_WHAT YOU SHOULD DO:_ In the listing below, find the line containing "A computer is" and the line containing "Αφίσα ατομικής έκθεσης", then copy exactly everything from the first through the second, except the pictures.

_DATA:_
* * *

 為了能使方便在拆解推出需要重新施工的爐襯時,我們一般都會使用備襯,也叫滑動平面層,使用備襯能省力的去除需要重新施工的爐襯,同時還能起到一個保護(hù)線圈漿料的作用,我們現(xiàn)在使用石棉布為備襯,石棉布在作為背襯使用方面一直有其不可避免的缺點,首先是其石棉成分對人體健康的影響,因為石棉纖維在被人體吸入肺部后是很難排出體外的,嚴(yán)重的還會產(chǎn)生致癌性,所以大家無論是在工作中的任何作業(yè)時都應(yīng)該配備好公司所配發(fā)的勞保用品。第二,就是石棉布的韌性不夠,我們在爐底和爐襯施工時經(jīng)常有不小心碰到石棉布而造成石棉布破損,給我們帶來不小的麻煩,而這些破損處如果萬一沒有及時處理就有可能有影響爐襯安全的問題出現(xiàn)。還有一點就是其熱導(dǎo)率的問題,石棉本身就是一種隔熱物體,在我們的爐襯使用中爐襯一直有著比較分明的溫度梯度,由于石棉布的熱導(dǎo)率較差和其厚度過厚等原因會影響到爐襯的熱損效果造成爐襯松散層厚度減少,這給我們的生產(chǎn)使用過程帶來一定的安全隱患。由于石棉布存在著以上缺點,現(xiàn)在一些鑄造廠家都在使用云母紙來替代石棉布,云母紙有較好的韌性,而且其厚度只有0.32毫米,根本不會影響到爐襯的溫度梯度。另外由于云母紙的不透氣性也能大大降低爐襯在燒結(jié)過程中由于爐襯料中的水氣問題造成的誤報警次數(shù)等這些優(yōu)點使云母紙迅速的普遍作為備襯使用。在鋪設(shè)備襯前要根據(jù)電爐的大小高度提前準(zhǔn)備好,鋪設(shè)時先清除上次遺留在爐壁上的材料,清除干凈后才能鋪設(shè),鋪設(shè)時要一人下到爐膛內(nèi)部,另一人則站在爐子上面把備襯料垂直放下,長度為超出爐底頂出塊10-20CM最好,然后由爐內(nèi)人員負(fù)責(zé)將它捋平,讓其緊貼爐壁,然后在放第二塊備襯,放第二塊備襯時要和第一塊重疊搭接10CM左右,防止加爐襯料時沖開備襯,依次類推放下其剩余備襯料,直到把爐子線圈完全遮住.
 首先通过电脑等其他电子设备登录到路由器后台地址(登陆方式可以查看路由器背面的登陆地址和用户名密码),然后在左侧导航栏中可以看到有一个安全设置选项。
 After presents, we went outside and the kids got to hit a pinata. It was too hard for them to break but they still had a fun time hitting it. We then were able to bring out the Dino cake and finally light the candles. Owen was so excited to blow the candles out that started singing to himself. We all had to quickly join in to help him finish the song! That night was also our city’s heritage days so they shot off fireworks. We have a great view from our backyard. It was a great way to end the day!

* * *

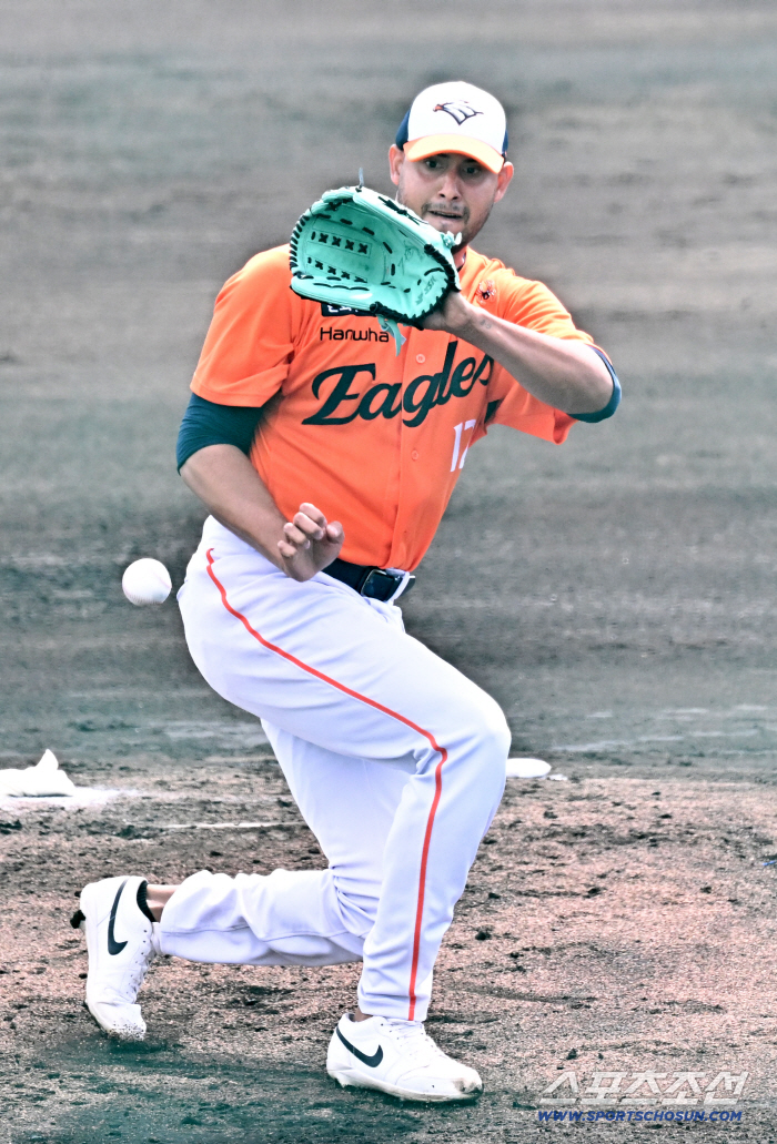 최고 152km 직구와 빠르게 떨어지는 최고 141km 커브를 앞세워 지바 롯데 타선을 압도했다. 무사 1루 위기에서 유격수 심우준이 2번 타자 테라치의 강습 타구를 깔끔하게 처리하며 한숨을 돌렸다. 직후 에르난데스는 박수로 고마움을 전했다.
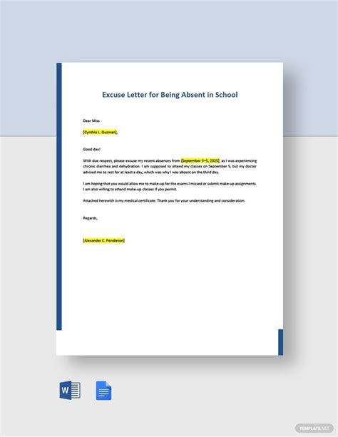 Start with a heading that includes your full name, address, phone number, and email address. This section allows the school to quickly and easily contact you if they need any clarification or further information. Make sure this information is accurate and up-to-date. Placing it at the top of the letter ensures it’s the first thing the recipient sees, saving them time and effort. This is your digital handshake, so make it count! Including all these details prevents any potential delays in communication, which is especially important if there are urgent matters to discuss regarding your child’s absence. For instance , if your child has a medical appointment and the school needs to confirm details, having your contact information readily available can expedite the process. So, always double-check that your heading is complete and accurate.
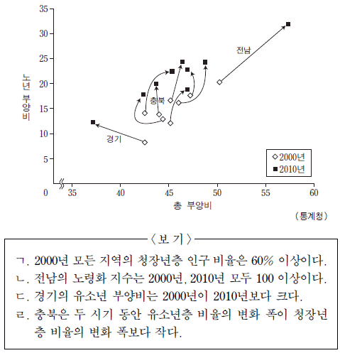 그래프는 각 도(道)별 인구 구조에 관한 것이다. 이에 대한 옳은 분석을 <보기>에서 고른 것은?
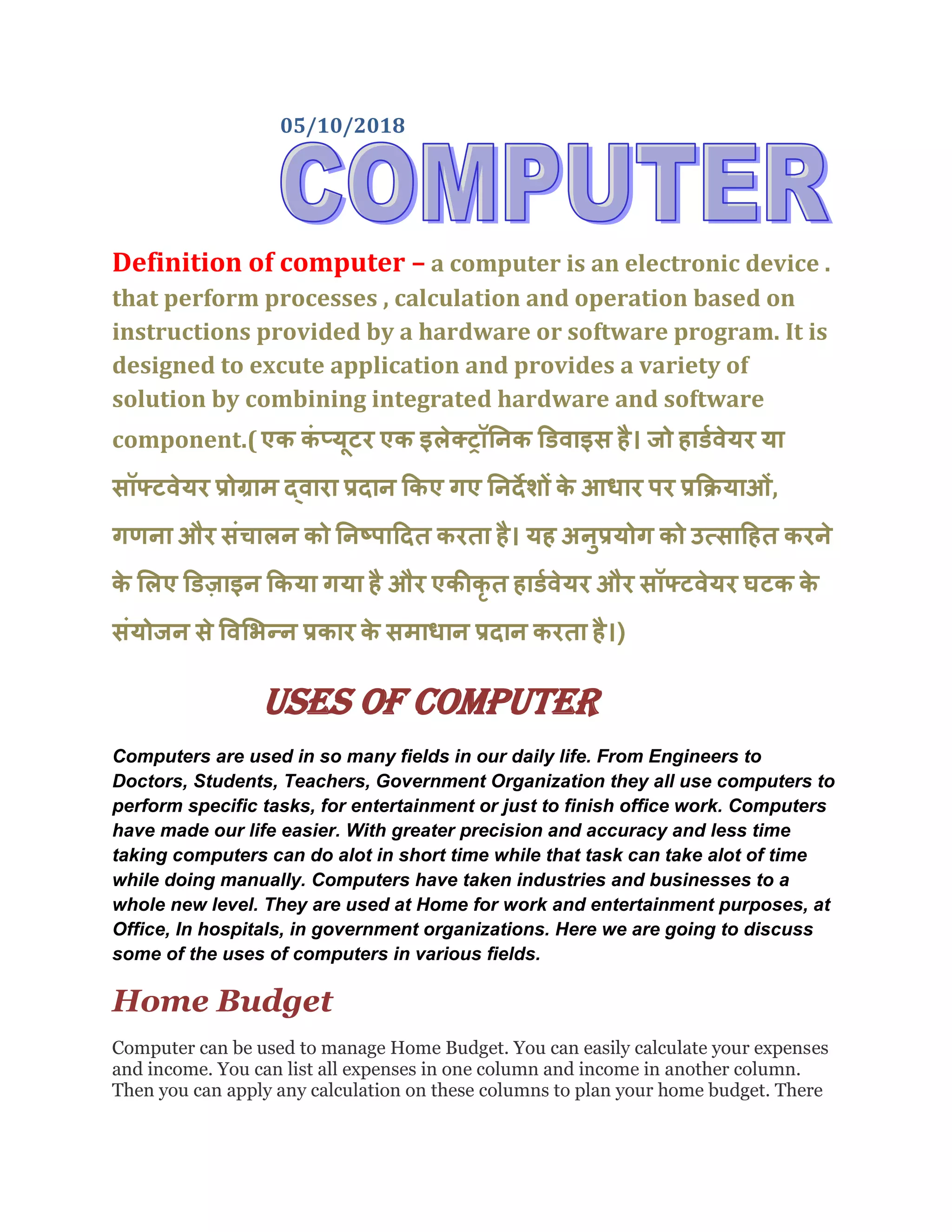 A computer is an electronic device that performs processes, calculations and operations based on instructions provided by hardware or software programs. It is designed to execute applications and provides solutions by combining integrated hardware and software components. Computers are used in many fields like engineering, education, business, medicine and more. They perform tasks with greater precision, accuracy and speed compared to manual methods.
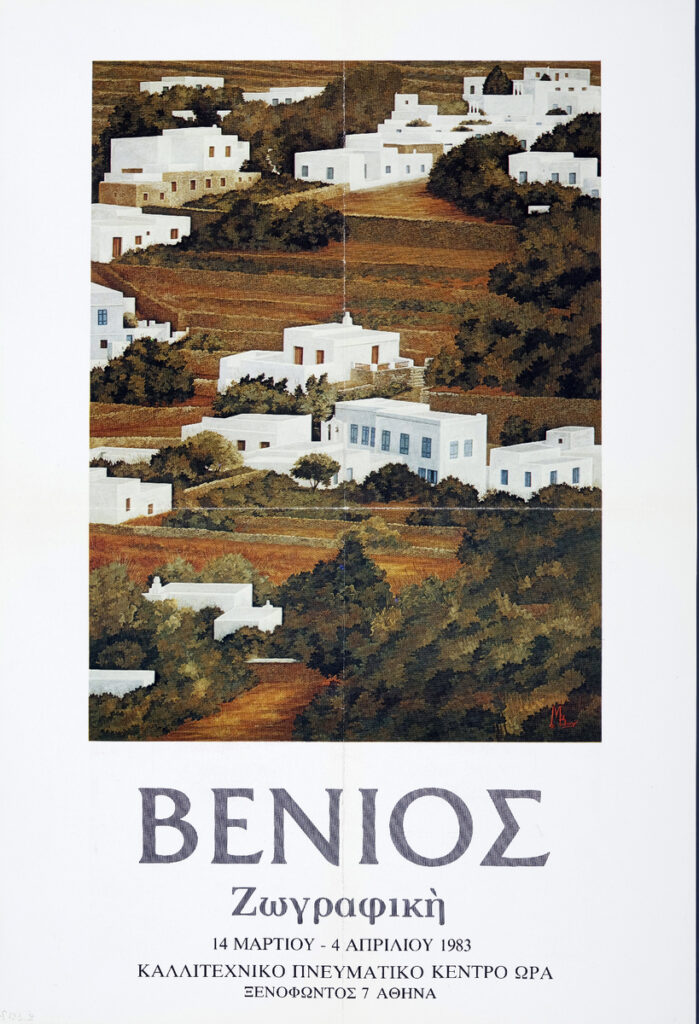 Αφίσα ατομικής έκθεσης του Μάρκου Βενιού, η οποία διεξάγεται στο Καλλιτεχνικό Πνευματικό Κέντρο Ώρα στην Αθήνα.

* * *

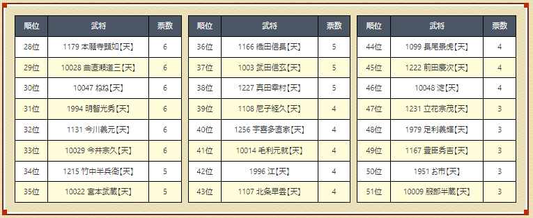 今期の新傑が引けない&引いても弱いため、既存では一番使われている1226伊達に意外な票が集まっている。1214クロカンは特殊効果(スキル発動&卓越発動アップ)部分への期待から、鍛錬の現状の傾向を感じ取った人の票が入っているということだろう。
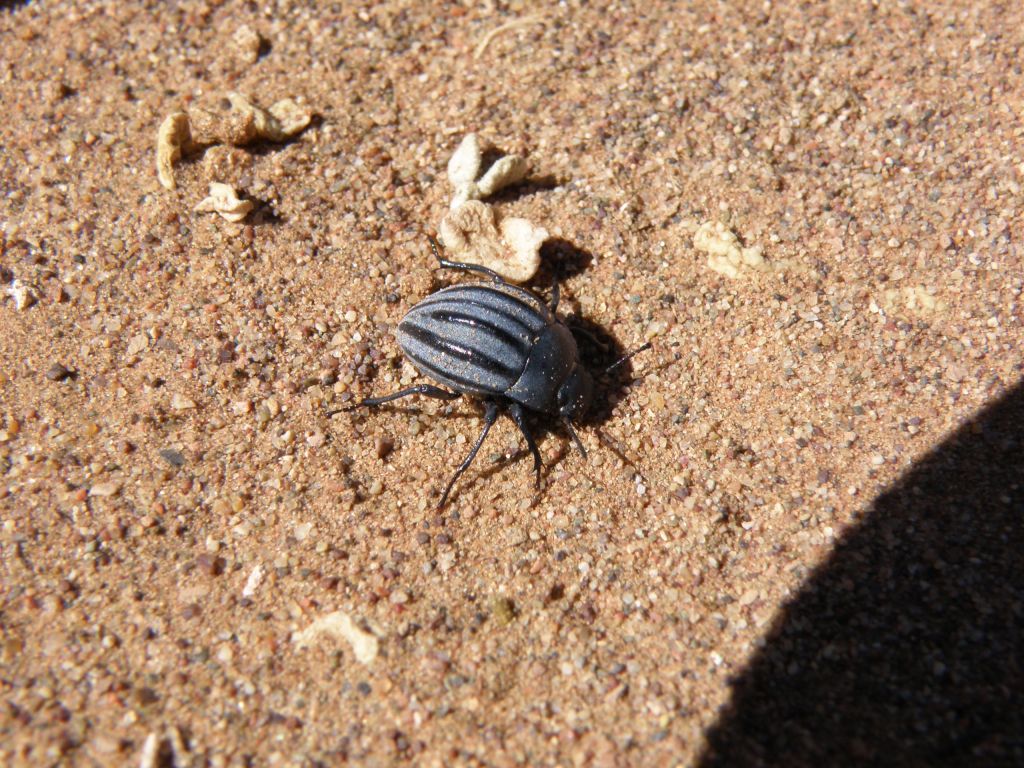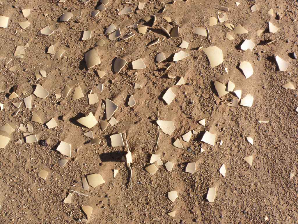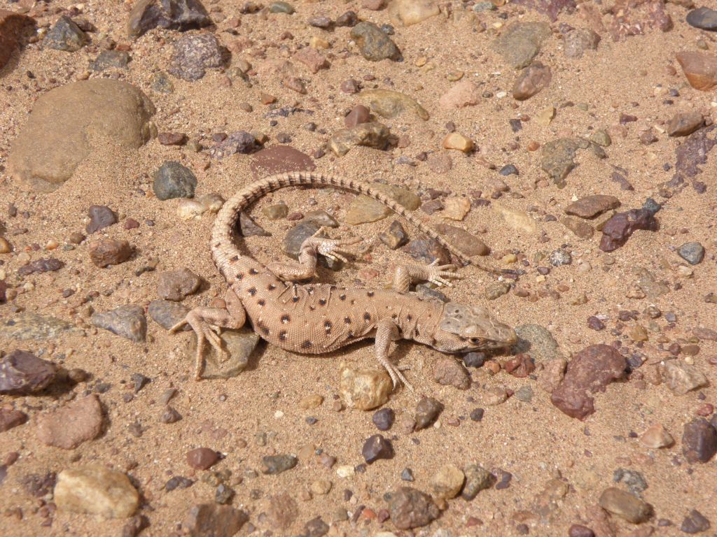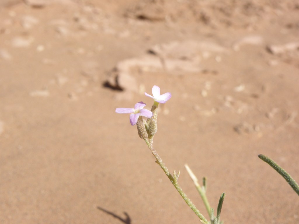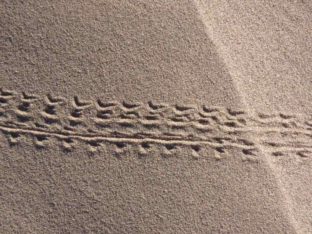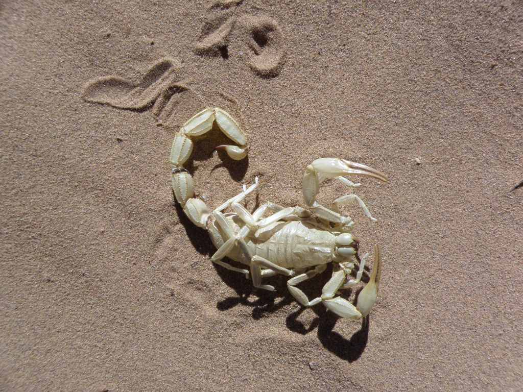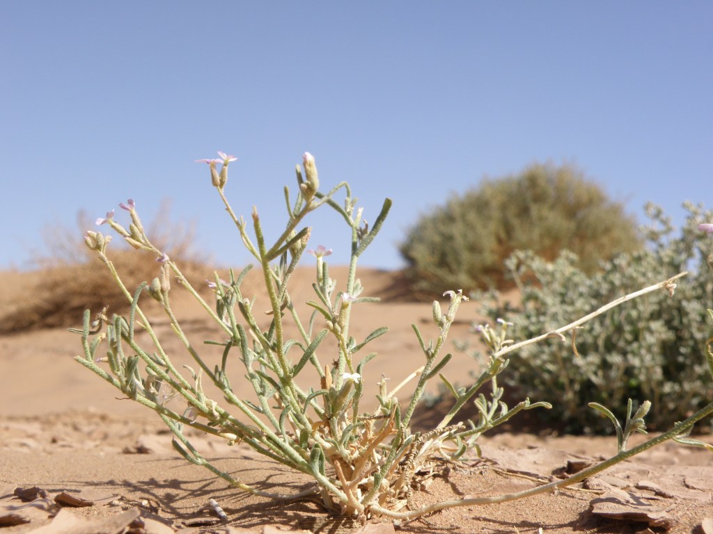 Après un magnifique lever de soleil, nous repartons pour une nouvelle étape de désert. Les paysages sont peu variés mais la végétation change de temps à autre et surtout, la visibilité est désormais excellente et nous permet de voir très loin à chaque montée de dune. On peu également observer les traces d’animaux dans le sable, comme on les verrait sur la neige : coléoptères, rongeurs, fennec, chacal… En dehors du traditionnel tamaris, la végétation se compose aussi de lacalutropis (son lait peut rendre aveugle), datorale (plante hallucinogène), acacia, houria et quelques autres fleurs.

* * *

_SOLVED EXERCISE:_
 A computer is an electronic device that performs processes, calculations and operations based on instructions provided by hardware or software programs. It is designed to execute applications and provides solutions by combining integrated hardware and software components. Computers are used in many fields like engineering, education, business, medicine and more. They perform tasks with greater precision, accuracy and speed compared to manual methods.
 Αφίσα ατομικής έκθεσης του Μάρκου Βενιού, η οποία διεξάγεται στο Καλλιτεχνικό Πνευματικό Κέντρο Ώρα στην Αθήνα.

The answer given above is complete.